Why edit format matters so much
Quick tour of the three main formats, because this genuinely surprised me:
str_replace (what Claude Code uses) — you give it the old text, it finds and replaces. Sounds simple. The failure mode: you have to reproduce the original text exactly. Whitespace, indentation, trailing spaces. If the model misremembers one character, "String to replace not found." I've seen this failure mode more times than I care to admit.
patch (what Codex uses) — fine-tuned for OpenAI models. Grok had a 50.7% patch failure rate with it. Not because Grok is bad. Because the format wasn't designed for Grok.
hashline — this is the one that blew my mind. Instead of reproducing content, the model references a 2-3 character content tag:
11:a3|function hello() {
22:f1| return "world";
33:0e|}
The model edits by tag, not by content reproduction. Format failures basically disappear. Output tokens drop 61% (no retry loops). The model stops fighting the format and starts doing the actual work.
This shit is elegant.
oh-my-openagent: 11 agents walk into a bar
Once I understood harness theory, I started digging into oh-my-openagent. It's an OpenCode plugin that turns your single AI session into a structured 11-agent development team. Here's the architecture:
Planning Layer: Metis → Prometheus → Momus
↓
Execution Layer: Atlas
↓
Worker Layer: Sisyphus-Junior | Oracle | Explore | Librarian | ...
Planning layer — three agents whose only job is to think before acting. Metis finds the gaps in your request. Prometheus builds the actual plan. Momus reviews the plan and kills bad ideas before any code gets written. Thinking and executing are structurally separated. Same reason CI/CD separates build from deploy.
Execution layer — Atlas reads the plan, dispatches to workers. No write access. No re-delegation. Just coordination.
Worker layer — the ones who actually do stuff. Sisyphus-Junior runs the code. Oracle (expensive, GPT-5.4) is the read-only architecture consultant. Explore searches your codebase. Librarian searches external docs. Each has specific constraints. Oracle can't write. Workers can't re-delegate.
Each agent runs on a model tuned to its role. Gemini for frontend. GPT-5.4 for hard logic. Grok for cheap fast searches. Mismatched category = measurably worse output.
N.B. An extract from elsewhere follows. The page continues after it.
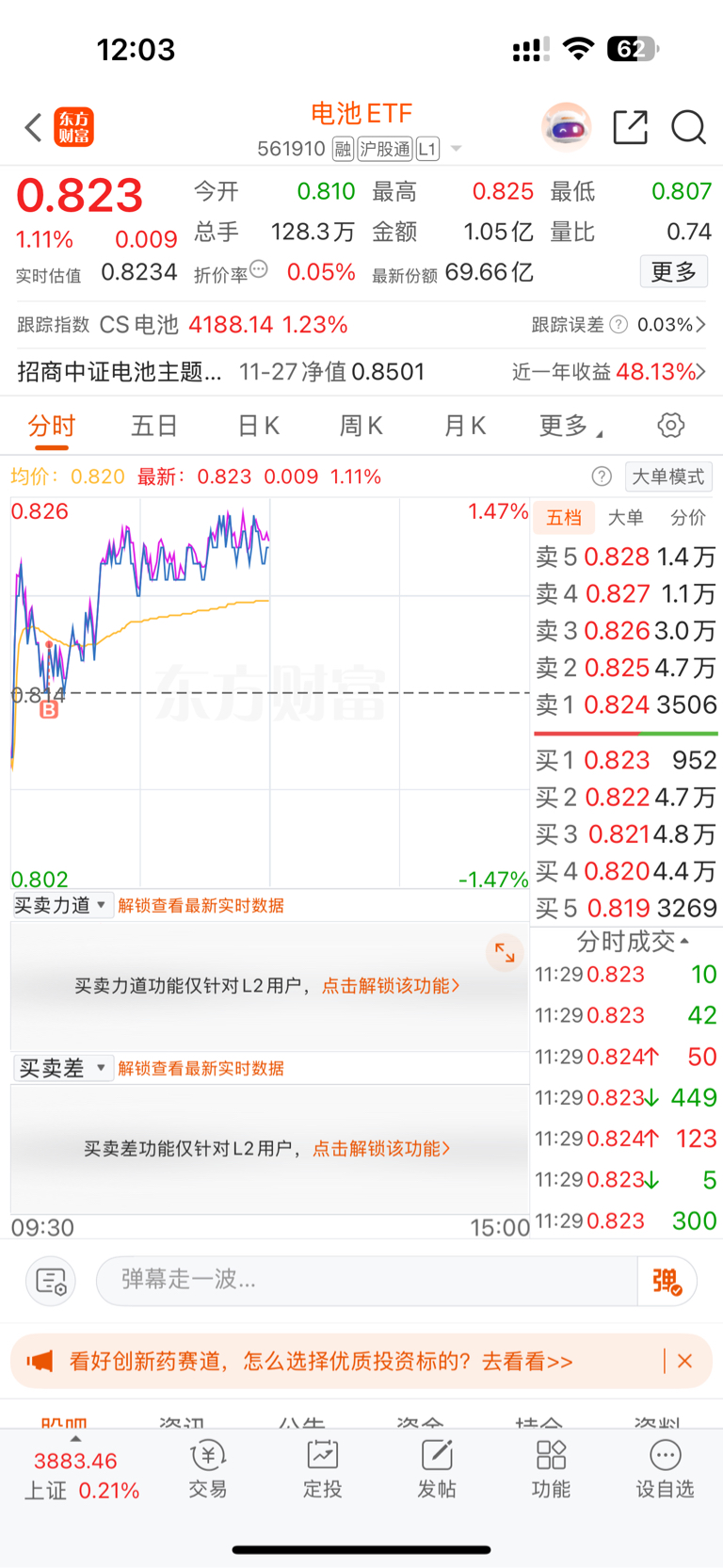 $电池ETF(SH561910)$ 10.32 S中谷上车电池

That's not hand-waving — it's measured.
| Agent | Model | Role |
|---|---|---|
| Sisyphus | claude-opus / kimi-k2.5 | Main orchestrator, intent gate |
| Prometheus | claude-opus | Strategic planner |
| Momus | gpt-5.4 | Plan reviewer (hard QA gate) |
| Oracle | gpt-5.4 | Read-only architecture consultant |
| Explore | grok-code-fast-1 | Internal codebase search |
| Librarian | minimax-m2.7 | External docs search |
| Sisyphus-Junior | category-dynamic | Actual code execution |
The Intent Gate: my favorite idea in here
Every message gets classified before anything happens:
| You say | True intent | What actually happens |
|---|---|---|
| "Explain X" | Research | explore → answer only |
| "Implement X" | Implementation | plan → execute |
| "Look into X" | Investigation | explore → report, wait |
| "Refactor" | Open-ended | assess first → propose |
Why does this matter? Because "look at this file and tell me what you think" should not silently become "I rewrote your whole authentication layer." I've had that happen. It's not fun.
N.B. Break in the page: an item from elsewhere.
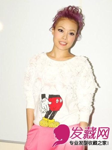 偏紫色的发色配上相同色调的裤子,很是协调

The Intent Gate makes this structural, not aspirational. You need an explicit implementation verb to trigger actual code changes. "Look into X" will research and wait. That's the right behavior.
Memory across sessions
Two systems I want to highlight:
Wisdom System — cross-session memory in .sisyphus/notepads/. Four files: learnings.md (what worked), decisions.md (don't re-litigate these), problems.md (don't try this again), issues.md (known gotchas). Engineering institutional memory that survives context windows.
Boulder System — .sisyphus/boulder.json tracks task state across sessions. /start-work resumes from exactly where you left off. No re-deriving state from scratch every time you open a new chat.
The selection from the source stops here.